## Expert Knowledge Worker

### A question answering agent that is an expert knowledge worker
### To be used by employees of Insurellm, an Insurance Tech company
### The agent needs to be accurate and the solution should be low cost.

This project will use RAG (Retrieval Augmented Generation) to ensure our question/answering assistant has high accuracy.

## TODAY:

- Part A: We will divide our documents into CHUNKS
- Part B: We will encode our CHUNKS into VECTORS and put in Chroma
- Part C: We will visualize our vectors

### PART A: Divide our documents into chunks

In [1]:
import os
import glob
import tiktoken
import numpy as np
from dotenv import load_dotenv
from langchain_openai import OpenAIEmbeddings
from langchain_chroma import Chroma
from langchain_huggingface import HuggingFaceEmbeddings
from langchain_community.document_loaders import DirectoryLoader, TextLoader
from langchain_text_splitters import RecursiveCharacterTextSplitter
from sklearn.manifold import TSNE
import plotly.graph_objects as go

In [2]:
# price is a factor for our company, so we're going to use a low cost model

MODEL = "gpt-4.1-nano"
db_name = "vector_db"
load_dotenv(override=True)
openai_api_key = os.getenv('OPENAI_API_KEY')
if openai_api_key:
    print(f"OpenAI API Key exists and begins {openai_api_key[:8]}")
else:
    print("OpenAI API Key not set")


OpenAI API Key exists and begins sk-proj-


In [3]:
# How many characters in all the documents?

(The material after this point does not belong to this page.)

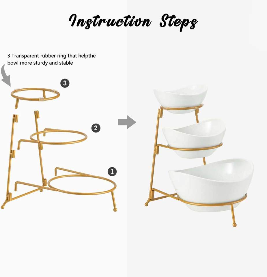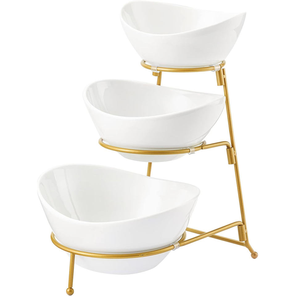 Ensemble de bols à fruits en porcelaine écologiques jetables de luxe moderne avec motif incrusté d'or, plateau de service ovale, support métallique, pack de trois plats

knowledge_base_path = "knowledge-base/**/*.md"
files = glob.glob(knowledge_base_path, recursive=True)
print(f"Found {len(files)} files in the knowledge base")

entire_knowledge_base = ""

for file_path in files:
    with open(file_path, 'r', encoding='utf-8') as f:
        entire_knowledge_base += f.read()
        entire_knowledge_base += "\n\n"

print(f"Total characters in knowledge base: {len(entire_knowledge_base):,}")

Found 76 files in the knowledge base
Total characters in knowledge base: 304,434


In [4]:
# How many tokens in all the documents?

encoding = tiktoken.encoding_for_model(MODEL)
tokens = encoding.encode(entire_knowledge_base)
token_count = len(tokens)
print(f"Total tokens for {MODEL}: {token_count:,}")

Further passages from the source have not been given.